When Glenn was revealed to be alive after an ill-informed wait, that message had been reversed – with the fake camera trickery providing the illusion of Glenn’s death, it was clear that The Walking Dead had become timid and afraid of killing off major characters; the riskiest move it could pull off, according to this twist, was simply to make it seem like it could.

That undermined the show’s vaunted reputation as a series in which no-one is safe and illustrated how it was beginning to falsely manipulate the audience into believing something instead of earning that surprise with twists that had a lasting impact. Some interpreted this as a growing contempt for the audience and a prioritization of ratings and media hype over storytelling, and the Negan cliffhanger served to essentially validate that concern once and for all, with the choice to end on a mysterious point-of-view show of Negan’s unlucky victim simply undermining all the portentous build-up that had come before.

This left a bad taste in a lot of viewers’ mouths, particularly because the show had an open goal to adapt the scene in full, complete with victim, in the finale in a way that would retain the power of the moment while still allowing the chance for a ‘what happens next?’ cliffhanger to keep people talking over the hiatus.

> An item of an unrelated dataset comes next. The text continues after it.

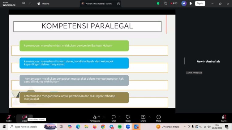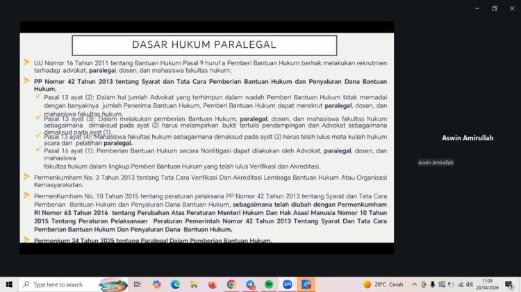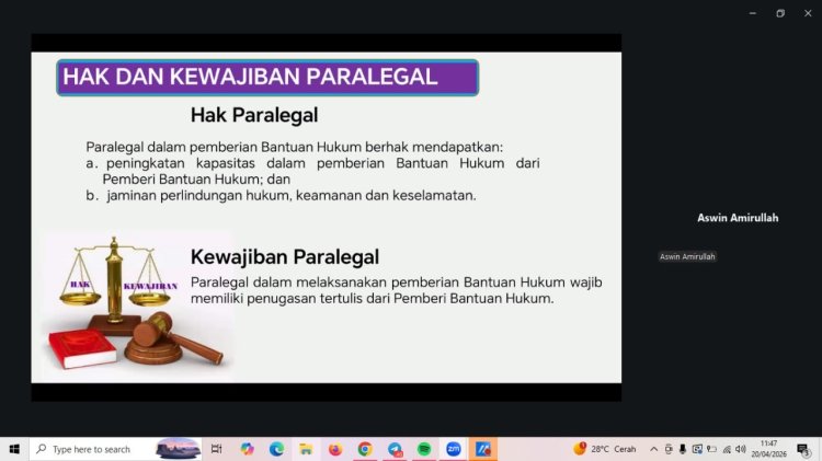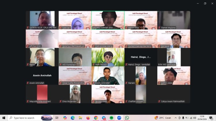Kegiatan webinar bertajuk “Warkop Digital Jadi Garda Hukum: Saatnya Kamu Ambil Peran sebagai Paralegal Desa” yang diselenggarakan oleh Warkop Digital bekerja sama dengan Rumah Hukum Indonesia pada Senin, 20 April 2026, berlangsung dengan lancar dan mendapat antusiasme tinggi dari peserta. Kegiatan ini dilaksanakan secara daring dan diikuti oleh 70 peserta aktif, dengan suasana diskusi yang interaktif dan edukatif.

In Season 7, therefore, it’s paramount that The Walking Dead needs to kick this habit if it’s going to recover the critical acclaim and storytelling prowess that it often sports.

There will be lots of opportunities for huge cliffhangers and twists ahead, if the comics are any indication, but these cliffhangers will need to organically emerge from the story and simply work because they urge people to see how the story will be continued, not because the show has opted to artificially hold back certain information in order to draw out the buzz and conversation a while longer.

If it can do that, then TWD will be a long way towards recovery.